The camera loves Nastassia Kinski. Every feature of her young body comes to life before its lens. The wide, gray-green eyes send out satellite signals of precocity or perversity. The dewy skin holds, on the left cheek, a tiny scar, like a bookmark in a turbulent autobiography. The lips, extravagantly full, can pout or preen or tauten resolutely or open in an elfin smile. The long Botticelli neck carries the eye to a strange and strong body, with delicate breasts, expressive musculature and the strong haunches of a peasant girl or a centaur. Kinski is a true camera animal because these disparate, classically mismatched parts combine sensationally well. Looking at her, the spectator is drawn to look into her--to search those eyes, that face and body, for the real Nastassia Kinski. But because she is a true camera animal, the real Nastassia Kinski may not exist. She is a fiction, a bewitching fairy story written by the collective imaginations of her directors and photographers, her public and herself.
For more than a century, the camera has conspired with artists and models to create successive ideals of allure. One early ideal was Parisian: gaunt and haul monde, with cheekbones so prominent you could cut your finger on them, if you dared touch them. Then, as the Hollywood cinema shouldered its way to eminence, the world standard became the active, approachable American woman, radiating health and common sense. Now there is another ideal, a new symmetry of features raising its profile in still and moving pictures. It sells mood, merchandise, magazines and, soon, movies. It holds all the history and mystery of an older world, all that intelligence and sophistication, but with one bright eye fixed on the dream of international stardom. It is the new face of Europe.
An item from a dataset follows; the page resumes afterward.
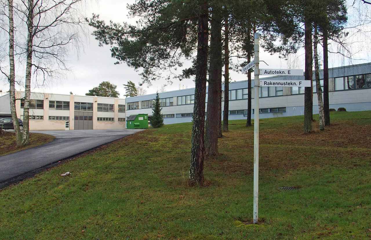 Raision ammattiopisto, vocational school in Vaisaari, Raisio, Finland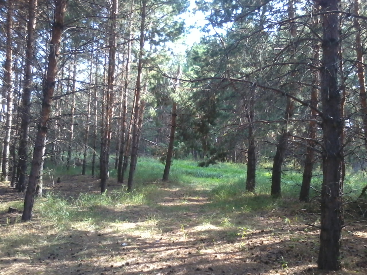 Шимолинский бор

Behind this face is a restless, ambitious spirit. She is not content with being merely a model, only an actress; she demands a kind of Renaissance celebrity. Isabella Rossellini, for example, could have decided to coast through gossip pages as the gorgeous daughter of Ingrid Bergman and Italian Film Master Roberto Rossellini. Instead she has become a journalist, a television performer, a film actress and, on a whim, one of the fashion world's most sought-after models. Joanna Pacula rose quickly through the disciplines of theater, film and TV acting in her native Poland; now she has the female lead in the Hollywood adaptation of Martin Cruz Smith's bestselling novel Gorky Park, and oh yes, she dazzled Vogue readers with a recent photo session.
As fashion's foremost photographer for 30 years, Richard Avedon can sense this overseas change: "The girls who are most successful on Vogue covers now are romantic heroines. The look started with Nastassia and Isabella, who, with their sensuous and serious eyes, could be sisters. They share a quality I'd thought stopped with Audrey Hepburn. There's a return to calm--but with no loss of turbulence."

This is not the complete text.